The proposed solution: a listening circle. Bring together the women who made it through and the women poised just below the cliff. Seat them with the VPs and SVPs. Create a space. Ask them to share.
Simple right? Maybe. But let's unpack what that circle actually looked like, felt like.
You have the directors. Women who had navigated years inside this specific organization, with these specific people, to arrive at a level where almost no one who looked like them had arrived before. They were not only women — they were a diverse set of skills, backgrounds, and experiences. Intersectionality at its best. Exceptional in every way.
And they were about to give feedback — honest, structural, career-risk-carrying feedback — to the people who hired them, promoted them, or had the organizational power to redefine their roles tomorrow. Possibly permanently.
And then you had the Senior Managers. Another set of accomplished, diverse, exceptional women poised at the level just before the cliff. Who reported into those directors. Who needed VP approval to advance. Who had spent their careers carefully managing how they were perceived by the very people now being asked to hear them.

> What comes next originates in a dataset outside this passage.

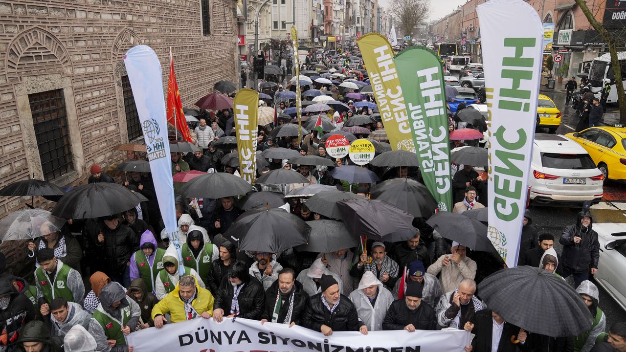 İSTANBUL (AA) - İnsan Hak ve Hürriyetleri (İHH) İnsani Yardım Vakfı, Filistin'e Destek Platformu ve İslami Dayanışma Platformu öncülüğünde, 'Coğrafyamızda işgalci İsrail ve Amerikan askeri istemiyoruz' sloganıyla Fatih Camisi'nden Beyazıt Meydanı'na yürüyüş düzenlendi.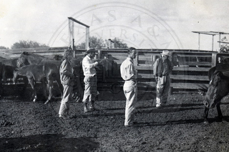 Tommy Tate, Ed, Sam Millar and Mr. Caesar (Kleberg) admiring the gate of Ranchero, a fine stallion.

Most of their face time with the VP and SVP level had happened in two contexts: formal presentations where competence was being demonstrated and their pronunciation practiced enough not to be corrected mid-thought. And company social events where a different kind of performance was expected. Oh yes, [insert sport] is fascinating. Riveting, really.
The only version of themselves these women had ever shown the senior leadership in that room was the polished version. The prepared version. The version that had learned, through years of pattern recognition, exactly how much of themselves was safe to bring into a professional space.
Now they were being asked to share openly. Give feedback. Speak freely.
The well-meaning people who designed the listening circle genuinely wanted to hear what was happening. That part is true and worth saying. The intention was real. What they didn't design for was the answer they got before the first session ever started.
Your options, when something like this lands in your calendar, are not complicated. You can comply — make no waves, show up, perform just enough openness to satisfy the format without saying anything that will follow you. Or you can speak up — and here comes trouble.
The listening circle felt less safe than a Slido question at an all-hands. Less safe than a number on an engagement survey. Both of those have distance. Both of those have at least the performance of anonymity. The circle had none of it. Just chairs, and the people who decide things, and you.
The ‘no’s came in quietly. Not a group refusal. Not a formal objection or an organized response. In private conversations, one at a time, the picture became clear: No. I will not be participating.
Full body revulsion was how one person described it — in a quiet 1:1, in private, which is the only place the truth was ever going to live anyway. What is one hour going to resolve, really — other than confirming exactly what these women already knew about what was and wasn't safe in this organization?
The listening circle never happened.
And the reason it didn't is the most important tell that things were not ok.
"I will not lie, nor will I stand there and be humiliated by my truth."